Ask Sandy Wednesday: Is Flirting Manipulative?

Posted by in dating after divorce, love after 40, self-esteem in dating | 0 comments

Dear Sandy,

Flirting has always struck me as a kind of fake way of interacting with a guy in order to woo him in with coy manipulation. Sure, there are some primal ways that men and women interact that I do believe are instinctual and more natural.

In the past, I was not very flirtatious, because I didn’t want to be one of ‘those’ kinds of women, the type that lure men in with their sexuality. I wanted to attract a man with my intellect, wit, and beauty, but not in a false way.

How can I embrace my inner flirt in an organic, wholesome way, to attract a quality guy without it being an overtly sexual invitation and/or dumbing myself down?

Anne Marie

Dear Anne Marie,

Flirting, like most things, is all about your state of mind.
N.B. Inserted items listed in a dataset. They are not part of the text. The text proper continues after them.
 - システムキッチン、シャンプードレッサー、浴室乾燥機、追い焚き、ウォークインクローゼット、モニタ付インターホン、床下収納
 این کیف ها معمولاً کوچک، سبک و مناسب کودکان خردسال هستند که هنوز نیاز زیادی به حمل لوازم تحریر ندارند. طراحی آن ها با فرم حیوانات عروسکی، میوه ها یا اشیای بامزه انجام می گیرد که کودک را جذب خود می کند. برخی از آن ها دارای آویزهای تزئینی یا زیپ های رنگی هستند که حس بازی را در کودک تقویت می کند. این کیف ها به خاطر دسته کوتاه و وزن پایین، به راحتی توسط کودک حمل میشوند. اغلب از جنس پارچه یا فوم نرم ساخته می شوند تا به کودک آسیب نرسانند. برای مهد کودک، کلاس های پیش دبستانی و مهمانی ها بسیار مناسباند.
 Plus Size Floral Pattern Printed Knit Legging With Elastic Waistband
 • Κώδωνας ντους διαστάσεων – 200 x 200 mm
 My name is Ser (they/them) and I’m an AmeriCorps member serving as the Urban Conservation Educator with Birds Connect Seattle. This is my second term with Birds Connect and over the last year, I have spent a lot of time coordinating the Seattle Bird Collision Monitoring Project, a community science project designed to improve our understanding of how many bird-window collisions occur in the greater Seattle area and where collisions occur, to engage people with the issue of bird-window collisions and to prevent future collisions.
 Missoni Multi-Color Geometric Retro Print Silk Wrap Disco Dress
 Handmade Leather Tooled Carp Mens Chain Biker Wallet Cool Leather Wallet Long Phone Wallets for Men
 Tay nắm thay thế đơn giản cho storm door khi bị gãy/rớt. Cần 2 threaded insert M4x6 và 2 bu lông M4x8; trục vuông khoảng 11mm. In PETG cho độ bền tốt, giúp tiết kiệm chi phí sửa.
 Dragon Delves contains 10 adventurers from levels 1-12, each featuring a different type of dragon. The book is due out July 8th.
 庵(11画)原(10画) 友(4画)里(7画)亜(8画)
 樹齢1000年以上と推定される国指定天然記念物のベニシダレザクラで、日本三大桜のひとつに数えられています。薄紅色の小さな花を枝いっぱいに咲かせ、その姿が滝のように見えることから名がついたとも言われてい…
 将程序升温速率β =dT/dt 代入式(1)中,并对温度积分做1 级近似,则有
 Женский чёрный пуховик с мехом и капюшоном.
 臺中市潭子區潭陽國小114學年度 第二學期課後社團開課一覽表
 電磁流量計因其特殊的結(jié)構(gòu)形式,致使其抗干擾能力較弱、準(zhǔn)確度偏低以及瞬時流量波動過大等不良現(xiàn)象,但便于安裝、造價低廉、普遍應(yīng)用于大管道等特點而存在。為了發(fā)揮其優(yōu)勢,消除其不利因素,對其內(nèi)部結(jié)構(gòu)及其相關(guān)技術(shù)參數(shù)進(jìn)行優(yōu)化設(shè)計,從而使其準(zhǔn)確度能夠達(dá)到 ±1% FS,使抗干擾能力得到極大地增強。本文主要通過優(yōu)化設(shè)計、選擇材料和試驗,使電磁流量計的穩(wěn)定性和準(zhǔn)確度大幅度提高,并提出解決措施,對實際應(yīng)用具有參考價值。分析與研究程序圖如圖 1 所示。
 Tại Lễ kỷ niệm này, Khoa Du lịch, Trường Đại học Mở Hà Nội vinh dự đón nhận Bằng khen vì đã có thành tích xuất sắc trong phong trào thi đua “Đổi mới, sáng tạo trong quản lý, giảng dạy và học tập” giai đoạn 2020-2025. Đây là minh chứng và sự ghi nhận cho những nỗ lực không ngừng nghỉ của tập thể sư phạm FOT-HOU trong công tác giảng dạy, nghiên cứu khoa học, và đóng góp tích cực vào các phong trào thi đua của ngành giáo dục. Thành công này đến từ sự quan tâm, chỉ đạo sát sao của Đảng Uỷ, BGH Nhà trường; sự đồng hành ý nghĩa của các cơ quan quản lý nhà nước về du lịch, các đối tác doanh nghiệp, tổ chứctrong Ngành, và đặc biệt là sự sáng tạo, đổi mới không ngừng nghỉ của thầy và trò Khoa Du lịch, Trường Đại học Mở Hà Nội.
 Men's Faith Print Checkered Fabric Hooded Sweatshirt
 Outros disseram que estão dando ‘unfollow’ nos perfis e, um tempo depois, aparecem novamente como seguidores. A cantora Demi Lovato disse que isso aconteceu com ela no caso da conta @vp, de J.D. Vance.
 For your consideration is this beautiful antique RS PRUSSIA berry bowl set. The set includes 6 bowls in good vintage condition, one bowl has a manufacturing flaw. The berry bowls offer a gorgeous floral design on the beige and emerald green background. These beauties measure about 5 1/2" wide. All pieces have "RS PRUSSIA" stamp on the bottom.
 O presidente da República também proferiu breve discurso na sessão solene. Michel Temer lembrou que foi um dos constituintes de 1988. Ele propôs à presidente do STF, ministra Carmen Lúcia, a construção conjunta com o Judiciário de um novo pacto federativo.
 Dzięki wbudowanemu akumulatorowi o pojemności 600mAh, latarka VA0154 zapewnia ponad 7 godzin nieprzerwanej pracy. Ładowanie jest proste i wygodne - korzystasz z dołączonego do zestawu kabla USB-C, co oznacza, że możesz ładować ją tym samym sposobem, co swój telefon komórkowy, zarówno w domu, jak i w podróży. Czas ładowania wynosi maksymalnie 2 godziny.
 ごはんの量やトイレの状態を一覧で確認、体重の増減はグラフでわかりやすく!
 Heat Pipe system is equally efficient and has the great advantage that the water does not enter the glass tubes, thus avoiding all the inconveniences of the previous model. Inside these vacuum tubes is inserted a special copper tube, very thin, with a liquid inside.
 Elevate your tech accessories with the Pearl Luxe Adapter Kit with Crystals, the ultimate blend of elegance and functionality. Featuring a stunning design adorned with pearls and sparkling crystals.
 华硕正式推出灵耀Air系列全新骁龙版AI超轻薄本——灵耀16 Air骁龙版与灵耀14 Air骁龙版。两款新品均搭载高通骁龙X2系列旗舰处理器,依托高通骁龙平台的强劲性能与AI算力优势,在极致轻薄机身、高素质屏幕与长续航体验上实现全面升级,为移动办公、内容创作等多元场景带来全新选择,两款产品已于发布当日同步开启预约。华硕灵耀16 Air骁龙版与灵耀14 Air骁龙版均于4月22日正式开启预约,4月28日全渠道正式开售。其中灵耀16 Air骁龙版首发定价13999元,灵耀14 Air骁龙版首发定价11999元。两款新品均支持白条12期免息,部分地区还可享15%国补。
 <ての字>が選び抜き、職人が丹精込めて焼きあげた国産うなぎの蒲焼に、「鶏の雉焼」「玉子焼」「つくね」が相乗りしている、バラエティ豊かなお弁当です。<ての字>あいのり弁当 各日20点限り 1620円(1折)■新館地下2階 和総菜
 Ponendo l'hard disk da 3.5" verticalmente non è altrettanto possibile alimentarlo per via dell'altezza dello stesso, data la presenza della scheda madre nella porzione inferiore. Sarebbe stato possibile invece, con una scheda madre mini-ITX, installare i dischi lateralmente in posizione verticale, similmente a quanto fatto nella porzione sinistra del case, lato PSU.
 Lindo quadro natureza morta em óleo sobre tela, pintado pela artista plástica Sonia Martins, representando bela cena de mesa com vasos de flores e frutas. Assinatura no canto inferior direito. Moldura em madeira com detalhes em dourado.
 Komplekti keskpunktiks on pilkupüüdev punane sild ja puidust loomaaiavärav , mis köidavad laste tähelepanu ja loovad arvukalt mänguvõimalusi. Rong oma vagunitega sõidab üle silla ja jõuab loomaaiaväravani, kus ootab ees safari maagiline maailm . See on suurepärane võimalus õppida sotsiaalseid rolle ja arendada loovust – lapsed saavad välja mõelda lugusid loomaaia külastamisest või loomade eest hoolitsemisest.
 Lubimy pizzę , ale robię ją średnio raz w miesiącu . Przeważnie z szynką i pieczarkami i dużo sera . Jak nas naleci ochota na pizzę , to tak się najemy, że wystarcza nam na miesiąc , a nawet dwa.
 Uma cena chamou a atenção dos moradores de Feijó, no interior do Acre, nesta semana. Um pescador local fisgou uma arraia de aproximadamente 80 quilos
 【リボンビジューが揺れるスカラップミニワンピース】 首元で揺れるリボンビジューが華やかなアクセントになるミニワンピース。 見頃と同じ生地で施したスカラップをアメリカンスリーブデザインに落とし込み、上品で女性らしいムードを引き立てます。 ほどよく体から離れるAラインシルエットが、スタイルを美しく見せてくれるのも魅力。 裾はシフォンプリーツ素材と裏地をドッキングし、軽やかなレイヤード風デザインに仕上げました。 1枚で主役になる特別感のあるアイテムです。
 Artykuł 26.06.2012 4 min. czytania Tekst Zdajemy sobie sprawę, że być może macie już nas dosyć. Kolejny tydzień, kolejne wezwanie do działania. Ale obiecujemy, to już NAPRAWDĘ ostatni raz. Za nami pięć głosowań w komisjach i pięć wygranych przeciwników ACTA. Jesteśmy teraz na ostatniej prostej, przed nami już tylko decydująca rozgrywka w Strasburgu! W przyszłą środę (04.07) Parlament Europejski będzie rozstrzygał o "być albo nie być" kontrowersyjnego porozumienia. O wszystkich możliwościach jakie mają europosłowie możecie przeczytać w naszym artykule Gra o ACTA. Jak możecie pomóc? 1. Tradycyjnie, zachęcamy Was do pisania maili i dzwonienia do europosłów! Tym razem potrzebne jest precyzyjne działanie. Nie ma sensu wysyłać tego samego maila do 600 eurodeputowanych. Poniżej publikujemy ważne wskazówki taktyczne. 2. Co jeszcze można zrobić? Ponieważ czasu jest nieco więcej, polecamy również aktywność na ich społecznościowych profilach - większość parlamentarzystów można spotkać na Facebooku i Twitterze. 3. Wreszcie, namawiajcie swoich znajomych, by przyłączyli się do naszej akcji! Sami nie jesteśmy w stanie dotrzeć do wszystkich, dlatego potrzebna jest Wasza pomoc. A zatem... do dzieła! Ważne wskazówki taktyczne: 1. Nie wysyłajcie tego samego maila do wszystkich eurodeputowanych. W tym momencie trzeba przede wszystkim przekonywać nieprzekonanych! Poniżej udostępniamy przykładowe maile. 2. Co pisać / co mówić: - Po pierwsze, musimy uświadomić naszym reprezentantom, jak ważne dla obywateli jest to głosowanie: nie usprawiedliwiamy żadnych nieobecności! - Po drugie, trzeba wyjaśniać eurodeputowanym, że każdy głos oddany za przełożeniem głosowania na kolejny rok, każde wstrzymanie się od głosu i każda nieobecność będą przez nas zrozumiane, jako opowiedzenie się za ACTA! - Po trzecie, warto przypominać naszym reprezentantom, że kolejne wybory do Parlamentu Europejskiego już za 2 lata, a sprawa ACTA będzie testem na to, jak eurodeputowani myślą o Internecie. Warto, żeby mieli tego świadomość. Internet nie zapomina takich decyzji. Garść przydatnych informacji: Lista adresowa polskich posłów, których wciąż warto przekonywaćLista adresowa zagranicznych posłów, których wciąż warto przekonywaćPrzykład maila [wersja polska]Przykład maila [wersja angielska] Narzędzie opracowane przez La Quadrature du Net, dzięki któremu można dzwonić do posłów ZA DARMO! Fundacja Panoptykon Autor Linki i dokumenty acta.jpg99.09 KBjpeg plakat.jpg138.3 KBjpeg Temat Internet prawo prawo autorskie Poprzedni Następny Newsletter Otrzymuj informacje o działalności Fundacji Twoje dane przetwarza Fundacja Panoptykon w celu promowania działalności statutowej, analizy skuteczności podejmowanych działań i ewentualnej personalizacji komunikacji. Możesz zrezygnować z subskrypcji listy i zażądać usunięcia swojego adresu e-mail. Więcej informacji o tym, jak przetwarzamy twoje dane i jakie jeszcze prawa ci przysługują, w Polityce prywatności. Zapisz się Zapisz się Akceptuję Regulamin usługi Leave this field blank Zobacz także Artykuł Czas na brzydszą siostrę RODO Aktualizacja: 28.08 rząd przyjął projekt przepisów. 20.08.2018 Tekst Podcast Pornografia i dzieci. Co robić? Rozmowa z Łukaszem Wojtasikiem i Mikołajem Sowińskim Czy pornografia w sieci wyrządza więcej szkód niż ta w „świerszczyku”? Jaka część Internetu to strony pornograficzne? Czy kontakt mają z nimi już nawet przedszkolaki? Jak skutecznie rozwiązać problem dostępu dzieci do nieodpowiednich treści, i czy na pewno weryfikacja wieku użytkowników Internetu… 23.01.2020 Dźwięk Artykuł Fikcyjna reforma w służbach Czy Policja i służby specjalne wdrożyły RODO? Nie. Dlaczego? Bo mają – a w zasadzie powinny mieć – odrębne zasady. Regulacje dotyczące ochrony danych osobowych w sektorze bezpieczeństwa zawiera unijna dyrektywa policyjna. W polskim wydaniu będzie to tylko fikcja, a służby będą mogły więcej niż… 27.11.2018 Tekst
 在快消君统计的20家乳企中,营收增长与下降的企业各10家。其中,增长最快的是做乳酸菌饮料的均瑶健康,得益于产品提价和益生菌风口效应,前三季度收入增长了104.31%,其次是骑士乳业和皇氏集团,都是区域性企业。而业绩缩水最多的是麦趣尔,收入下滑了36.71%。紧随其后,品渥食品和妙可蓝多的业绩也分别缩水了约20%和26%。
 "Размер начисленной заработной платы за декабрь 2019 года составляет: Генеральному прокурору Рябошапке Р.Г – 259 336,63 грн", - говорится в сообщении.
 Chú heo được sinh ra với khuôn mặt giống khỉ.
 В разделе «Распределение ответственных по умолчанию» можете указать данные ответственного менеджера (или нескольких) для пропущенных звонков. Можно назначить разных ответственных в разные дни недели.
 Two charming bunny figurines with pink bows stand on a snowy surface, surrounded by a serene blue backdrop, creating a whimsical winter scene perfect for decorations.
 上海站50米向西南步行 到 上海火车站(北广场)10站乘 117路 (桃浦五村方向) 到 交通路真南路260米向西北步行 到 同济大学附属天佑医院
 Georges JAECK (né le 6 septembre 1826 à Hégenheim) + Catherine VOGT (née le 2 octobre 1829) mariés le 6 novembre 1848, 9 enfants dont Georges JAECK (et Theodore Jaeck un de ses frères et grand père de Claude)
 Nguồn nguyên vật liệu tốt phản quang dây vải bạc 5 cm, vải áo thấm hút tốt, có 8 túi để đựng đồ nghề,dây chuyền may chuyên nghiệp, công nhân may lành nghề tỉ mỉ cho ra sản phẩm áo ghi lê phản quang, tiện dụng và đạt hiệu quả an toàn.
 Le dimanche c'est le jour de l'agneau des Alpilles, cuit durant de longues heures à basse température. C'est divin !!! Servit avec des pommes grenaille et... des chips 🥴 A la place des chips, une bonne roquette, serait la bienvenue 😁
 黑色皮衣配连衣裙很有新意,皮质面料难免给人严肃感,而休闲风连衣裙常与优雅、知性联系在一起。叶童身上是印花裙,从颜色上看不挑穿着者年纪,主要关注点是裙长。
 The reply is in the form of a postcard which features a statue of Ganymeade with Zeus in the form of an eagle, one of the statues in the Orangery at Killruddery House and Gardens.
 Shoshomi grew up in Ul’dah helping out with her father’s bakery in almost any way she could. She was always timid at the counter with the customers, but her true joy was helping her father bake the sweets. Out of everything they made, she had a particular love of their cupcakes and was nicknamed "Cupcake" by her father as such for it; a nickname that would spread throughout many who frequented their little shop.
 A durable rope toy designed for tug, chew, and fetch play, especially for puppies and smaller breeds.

If you believe it’s coy and manipulative, you will probably act uncomfortably coy and manipulative.

If you believe it’s a natural thing to do, you will act accordingly.

I can totally relate to your question, Anne Marie, because I used to think of flirting as manipulation, too. I thought flirting meant wearing tops that revealed cleavage and batting your lashes like Betty Boop. It felt fake and totally not like me.

I’ve come to realize that I flirt all the time. I flirt with the cashier, the guys I pass on my daily walks, my neighbor across the street, even the mailman.

Are they following me home, lured in by my ‘coy manipulation’?

No, of course not. This flirting is about being playful, engaging, and warm-hearted.

It’s about connecting to people ~ all people.

It’s about being witty, smiling widely, complimenting someone, or just making eye contact.

And I’m not being fake at all. Quite the contrary. The more I’ve learned to flirt with EVERYONE, the more I’ve become comfortable flirting with men.

But there is one major difference between playful flirting with the masses and flirting with a man you’re interested in dating. Attraction.

Simply put, men are interested in women because they’re first attracted to them. Most women I know can overlook a beer belly in favor of kindness and a great sense of humor.

Flirting is what gets you from being in the ‘friend zone’ to being considered a girlfriend and/or wife.

So, embrace your inner flirt. Flirt with everyone. You’ll soon discover that flirting is authentic. It’s not manipulation at all.

Most of all, it’s FUN!

Happy flirting, Anne Marie. And let me know how it goes.